From the first line of the listing below, retype each line up to and including the one with "跨境热售方形美甲贴片3D立体纹理甜美可爱樱桃闪钻穿戴甲成品批发 English | 投诉"; pictures stay out.

• _Exercise data_
————

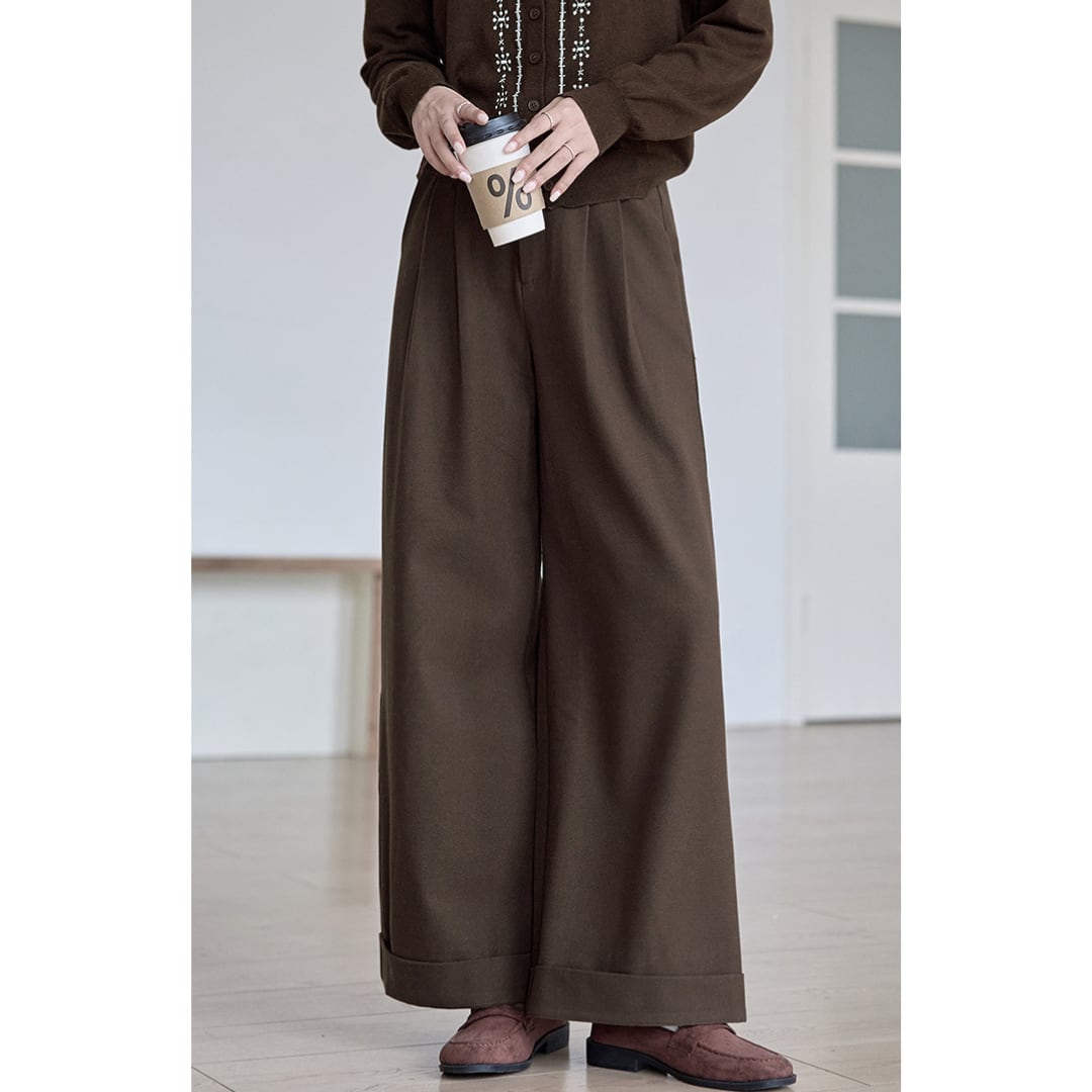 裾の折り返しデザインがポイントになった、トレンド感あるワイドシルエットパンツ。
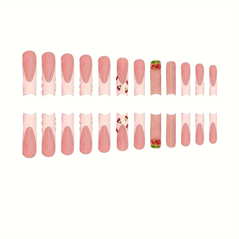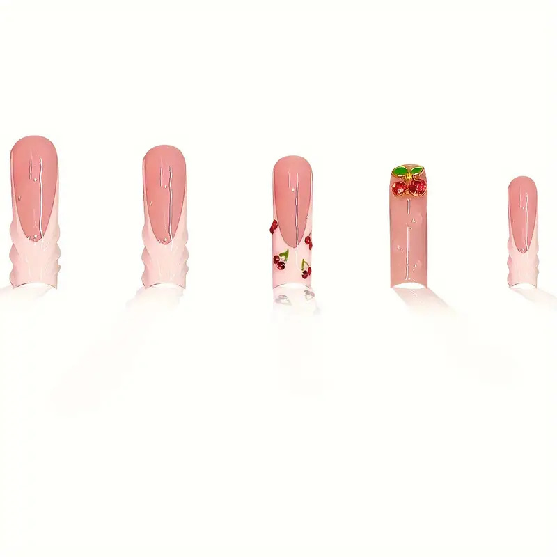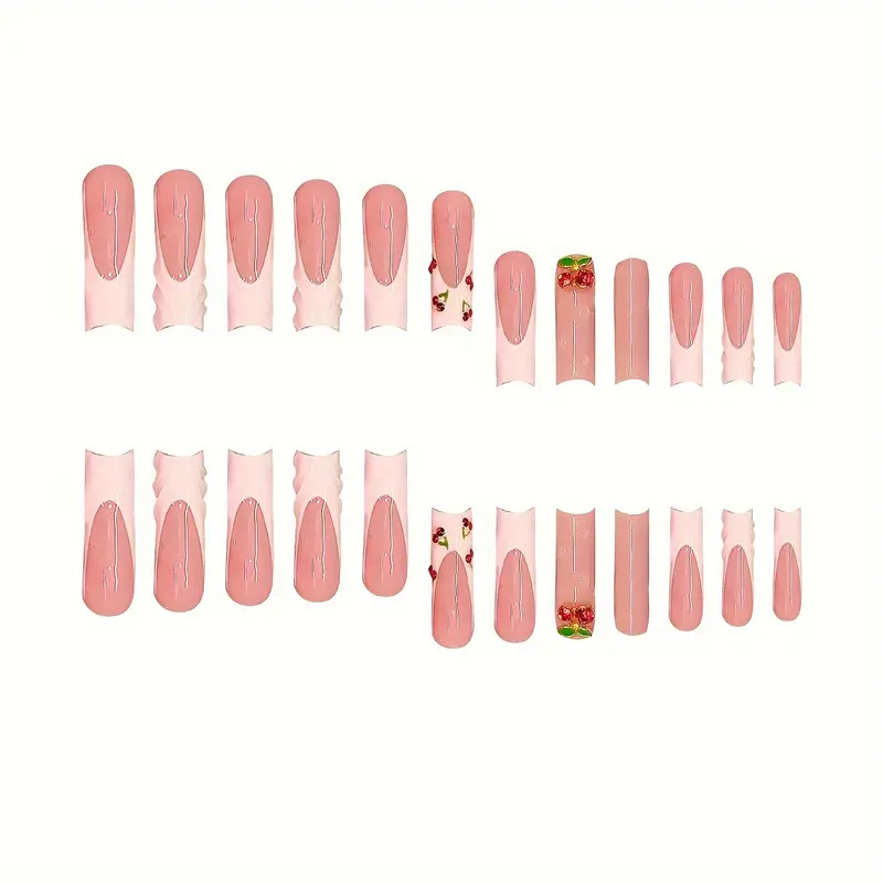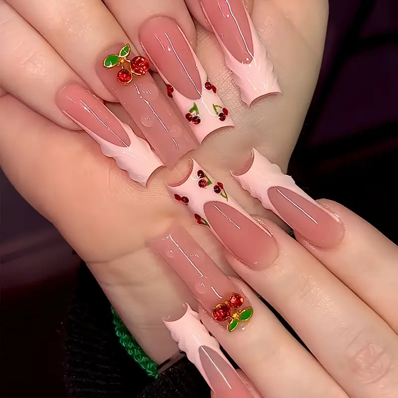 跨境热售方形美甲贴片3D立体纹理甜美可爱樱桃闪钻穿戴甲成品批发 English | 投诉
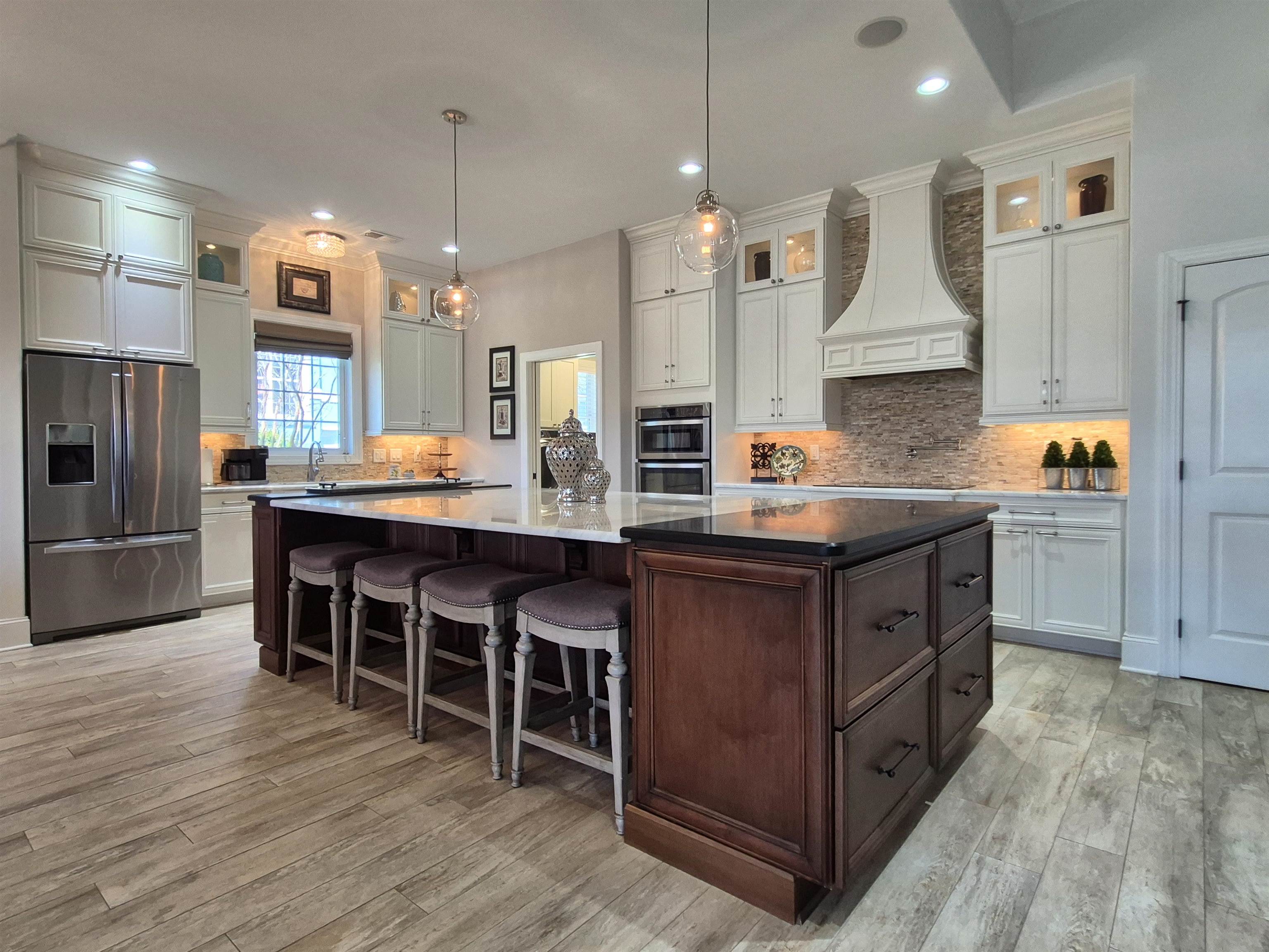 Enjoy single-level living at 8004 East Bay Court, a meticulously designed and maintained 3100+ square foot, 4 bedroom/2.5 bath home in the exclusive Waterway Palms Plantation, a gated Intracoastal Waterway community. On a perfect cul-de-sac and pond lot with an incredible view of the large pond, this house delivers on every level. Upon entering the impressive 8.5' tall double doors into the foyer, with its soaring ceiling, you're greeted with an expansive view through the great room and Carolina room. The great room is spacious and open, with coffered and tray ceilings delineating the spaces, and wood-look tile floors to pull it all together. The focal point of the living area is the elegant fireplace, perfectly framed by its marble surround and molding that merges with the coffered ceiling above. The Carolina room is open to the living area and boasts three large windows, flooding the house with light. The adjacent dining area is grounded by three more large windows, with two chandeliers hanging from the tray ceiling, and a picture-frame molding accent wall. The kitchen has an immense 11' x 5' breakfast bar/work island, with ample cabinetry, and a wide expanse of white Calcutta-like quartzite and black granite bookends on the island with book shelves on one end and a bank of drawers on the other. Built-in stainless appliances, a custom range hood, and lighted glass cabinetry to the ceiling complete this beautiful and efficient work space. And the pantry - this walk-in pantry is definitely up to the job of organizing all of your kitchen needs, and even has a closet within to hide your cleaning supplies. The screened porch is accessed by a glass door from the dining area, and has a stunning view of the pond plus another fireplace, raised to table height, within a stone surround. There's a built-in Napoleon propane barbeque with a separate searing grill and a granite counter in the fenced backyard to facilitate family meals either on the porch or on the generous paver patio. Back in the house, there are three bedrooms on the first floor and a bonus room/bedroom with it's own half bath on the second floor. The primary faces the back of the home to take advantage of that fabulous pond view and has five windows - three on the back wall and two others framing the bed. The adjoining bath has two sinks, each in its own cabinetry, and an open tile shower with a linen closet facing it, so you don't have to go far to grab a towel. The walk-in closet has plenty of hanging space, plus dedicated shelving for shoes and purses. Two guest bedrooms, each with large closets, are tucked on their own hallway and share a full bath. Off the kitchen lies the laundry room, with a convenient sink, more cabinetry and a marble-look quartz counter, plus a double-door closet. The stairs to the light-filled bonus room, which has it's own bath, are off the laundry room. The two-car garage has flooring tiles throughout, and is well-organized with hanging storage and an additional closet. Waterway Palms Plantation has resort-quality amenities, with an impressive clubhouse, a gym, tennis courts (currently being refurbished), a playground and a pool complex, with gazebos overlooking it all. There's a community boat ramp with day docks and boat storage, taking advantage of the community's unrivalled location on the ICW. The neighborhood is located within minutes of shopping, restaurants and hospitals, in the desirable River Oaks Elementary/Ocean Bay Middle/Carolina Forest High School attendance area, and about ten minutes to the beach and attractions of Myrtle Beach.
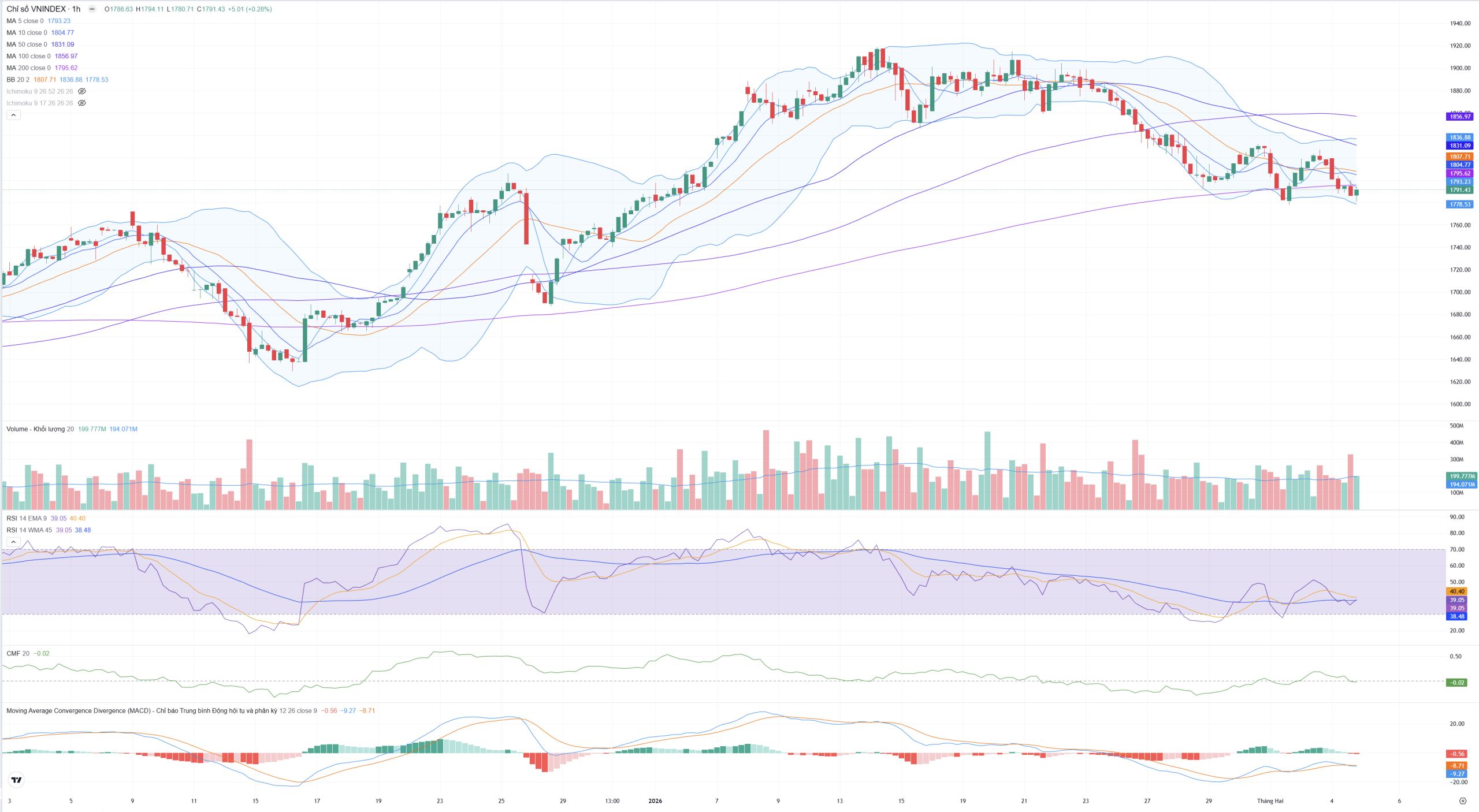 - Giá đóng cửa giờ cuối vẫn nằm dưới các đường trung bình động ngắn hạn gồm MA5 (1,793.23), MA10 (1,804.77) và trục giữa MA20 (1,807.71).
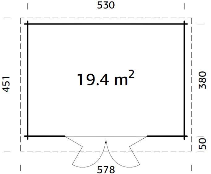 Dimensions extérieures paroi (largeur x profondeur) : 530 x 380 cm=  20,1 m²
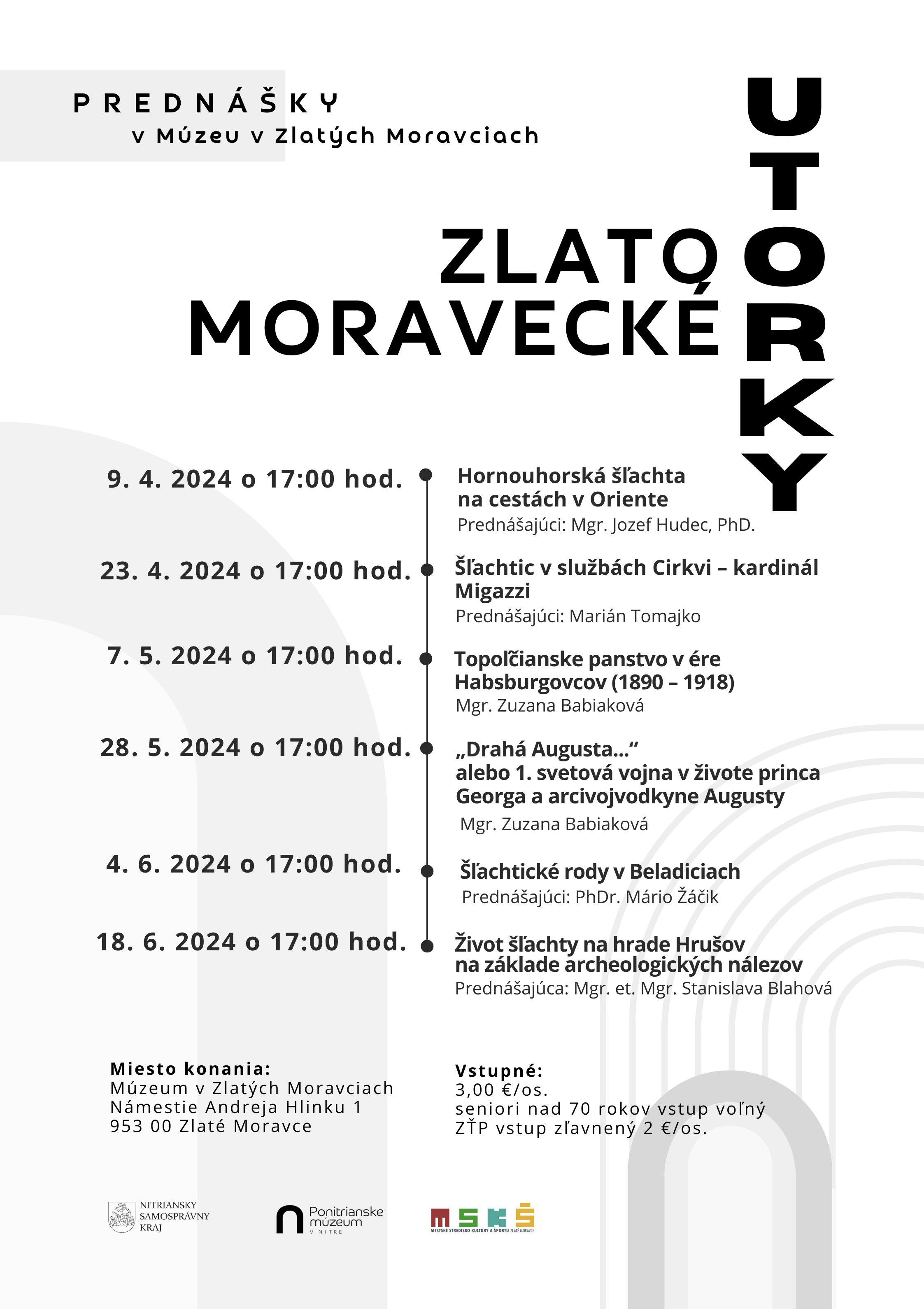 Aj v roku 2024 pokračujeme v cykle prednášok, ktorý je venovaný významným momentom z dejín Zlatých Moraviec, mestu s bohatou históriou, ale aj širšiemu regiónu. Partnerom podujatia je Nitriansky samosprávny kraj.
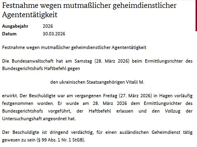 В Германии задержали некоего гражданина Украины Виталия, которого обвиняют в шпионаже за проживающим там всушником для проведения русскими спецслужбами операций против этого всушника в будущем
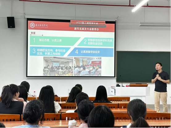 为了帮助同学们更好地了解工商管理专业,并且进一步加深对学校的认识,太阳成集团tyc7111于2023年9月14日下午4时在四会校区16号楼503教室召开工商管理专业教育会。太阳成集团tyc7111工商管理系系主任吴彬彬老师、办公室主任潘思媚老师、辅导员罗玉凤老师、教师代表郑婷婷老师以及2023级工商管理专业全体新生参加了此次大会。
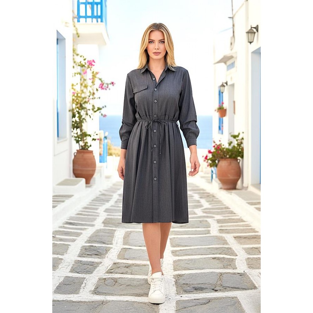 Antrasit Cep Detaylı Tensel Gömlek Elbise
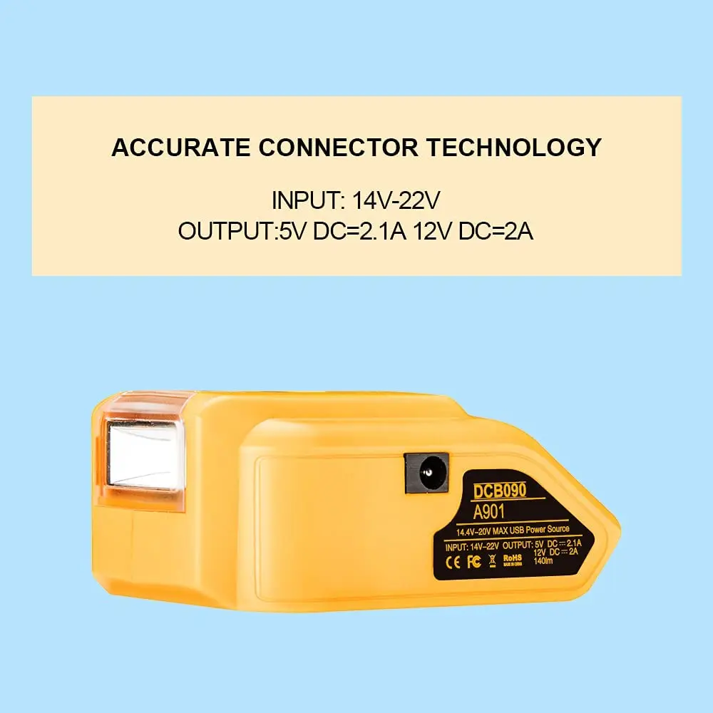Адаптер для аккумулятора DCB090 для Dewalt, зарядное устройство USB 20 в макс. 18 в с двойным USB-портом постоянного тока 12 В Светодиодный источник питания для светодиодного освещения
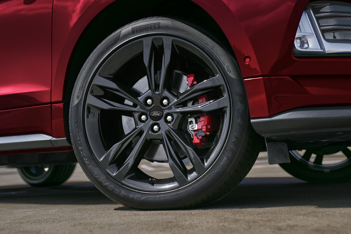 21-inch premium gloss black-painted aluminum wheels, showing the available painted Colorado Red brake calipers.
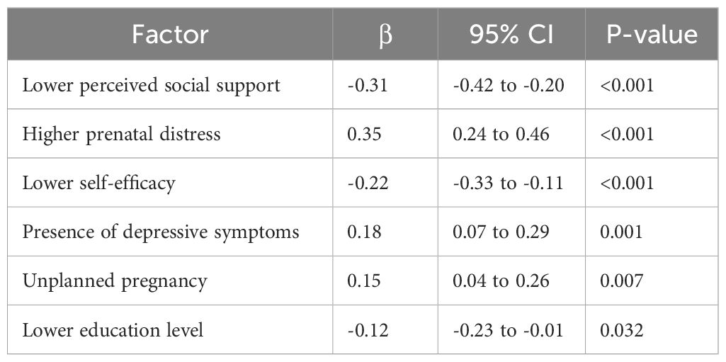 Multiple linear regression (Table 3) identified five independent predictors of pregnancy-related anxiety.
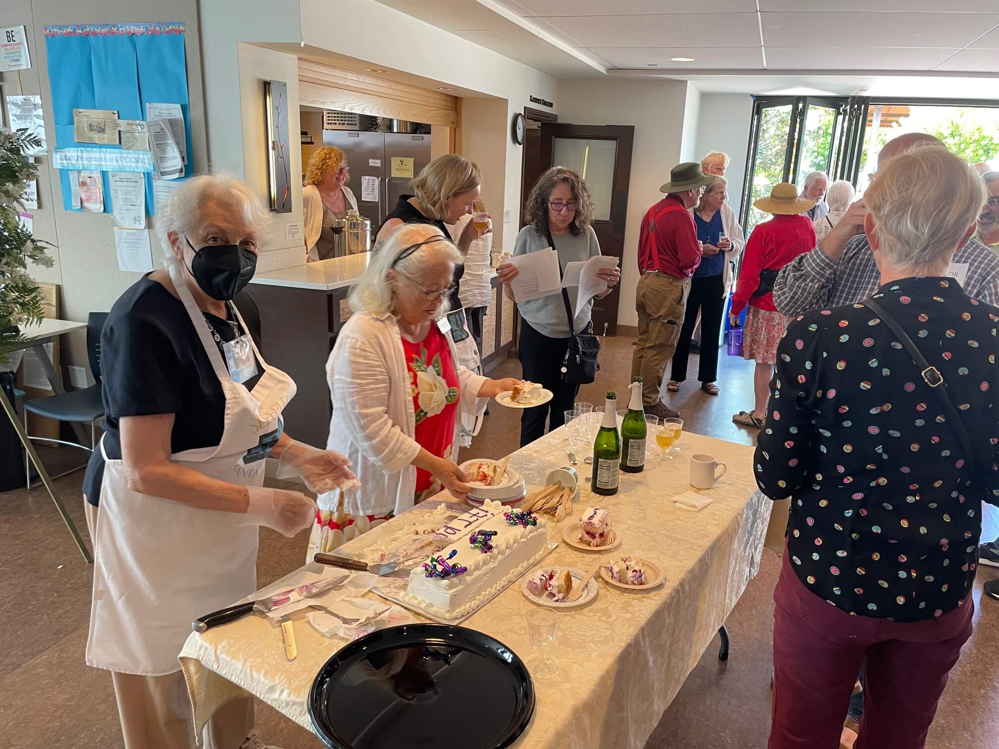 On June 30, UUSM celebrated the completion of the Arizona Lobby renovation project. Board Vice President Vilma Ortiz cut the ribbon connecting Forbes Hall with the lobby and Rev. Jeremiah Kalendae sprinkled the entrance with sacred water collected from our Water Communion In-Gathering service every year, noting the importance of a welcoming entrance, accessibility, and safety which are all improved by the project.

————

• _Answer for the task_
 裾の折り返しデザインがポイントになった、トレンド感あるワイドシルエットパンツ。
 跨境热售方形美甲贴片3D立体纹理甜美可爱樱桃闪钻穿戴甲成品批发 English | 投诉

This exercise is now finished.